Folha de S. Paulo


'Não estou mais sozinha', afirma mulher encarcerada por 22 anos

A mulher de 44 anos que, segundo a Polícia Civil, passou metade da vida em cárcere privado promovido pelo marido, em Campo Grande, dá uma risada tímida ao falar dos planos para este fim de ano. "Vou passar o Natal com meus filhos, sem medo. Ninguém vai tirar isso de mim."

Na quarta-feira (18), após uma denúncia anônima, o marido dela, o servente de pedreiro Ângelo da Guarda Borges, 58, foi preso na casa da família.

Ele nega que tenha agredido a mulher, mas confessa que mantinha os quatro filhos do casal, de 15, 13, 11 e 5 anos, sob constante vigilância, segundo a polícia. Dois deles nem frequentavam a escola.

"Agora tô feliz, graças a Deus, tô muito feliz mesmo, de coração. Todo mundo me ajudando, agora não estou mais sozinha", diz a vítima.

Depois da prisão de Borges, ela e os filhos foram levados a uma abrigo destinado a mulheres vítimas de violência. "Dormi tão bem, graças a Deus."

Em entrevista à Folha, a dona de casa disse que o marido sempre foi violento. "Ele bateu na primeira mulher, bateu na segunda mulher e depois em mim."

Borges ficava ainda pior quando bebia, conta. "Depois que passava, ele pedia desculpas, dizia que nunca mais ia me bater." Em algumas ocasiões, já sóbrio, ele perguntava quem havia batido na mulher.

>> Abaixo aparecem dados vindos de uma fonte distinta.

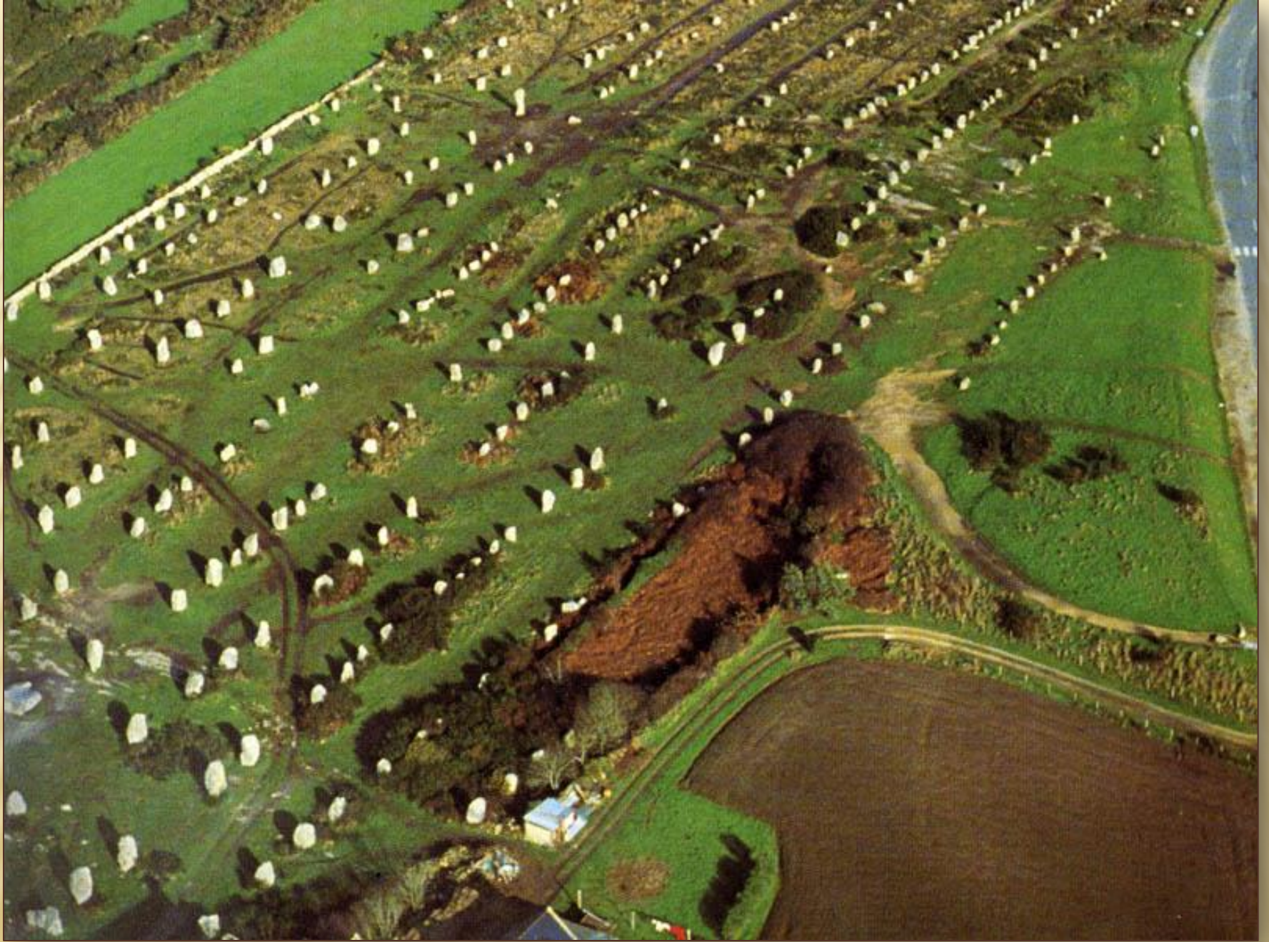
Менгиры в Карнаке. Франция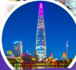
ดึกส์จอตเต็มจลค์

Ela respondia. "Você, ué, não lembra?". Ele ficava quieto, segundo ela.

Os filhos também eram agredidos. "No mais velho ele batia à vontade", lembra. De acordo com a Polícia Civil, um dos garotos teve o braço quebrado pelo menos três vezes pelo pai.

Em agosto, a mulher chegou a sair de casa com os filhos e denunciou o marido ao Conselho Tutelar, mas não conseguiu ir em frente e registrar um boletim de ocorrência. "Eu pensava em fazer isso, mas não tinha coragem de sair, de ir embora. Fui lá na delegacia, não tive coragem, voltei para casa, inventei que fui na igreja."

A última agressão aconteceu por causa de um pão caseiro que uma vizinha deu a ela e foi encontrado por Borges no sábado (14).

No dia seguinte, a dona de casa conta que o marido bebeu quase uma garrafa de aguardente e começou a brigar com ela, dizendo que não deveria ter aceitado o pão. "Me empurrou, jogou pinga na minha cara e saiu de perto".

Mais tarde, no mesmo dia, pegou um cabo de vassoura e o quebrou no braço da mulher. As agressões continuaram nos outros dois dias e, na terça-feira, ele ameaçou enfiar o pão na garganta da mulher.

"Meu guri falou para a gente ir embora, para ligar para a polícia. Eu só falei: 'Tô pensando'". O garoto teria respondido: "Mãe, o pai vai bater na senhora no resto da vida, vai deixar a gente preso pro resto da vida".

Na quarta-feira, vizinhos viram as marcas da agressão nos braços da mulher. Naquele dia, a Polícia Civil recebeu a denúncia e foi até a casa dela, para esperar Borges voltar do trabalho.

"Eu estava com medo de ir embora, a polícia falava que ia proteger a gente, mas eu não acreditava ainda. Aí meu guri, chorando, pediu para ir, dizia: 'Vamos, aproveita, vão cuidar de nós'", lembra a mulher. "Aí eu fui, chorando, com medo abafando no meu peito".

Ela foi levada a um posto de saúde, e Borges foi preso quando voltava para casa para almoçar.

Marido e mulher não se encontraram mais. Borges está detido no 4º distrito da Polícia Civil e teve a prisão preventiva decretada. "Sinto nada por ele, nada, nada. Se sentia, acabou tudo mesmo".

Daqui a seis meses, ela espera morar com o pai, com quem não se encontrava havia anos. "Ele [pai] tá fazendo a casa, mandou esperar um pouco, vai ligar para cá quando tiver pronta."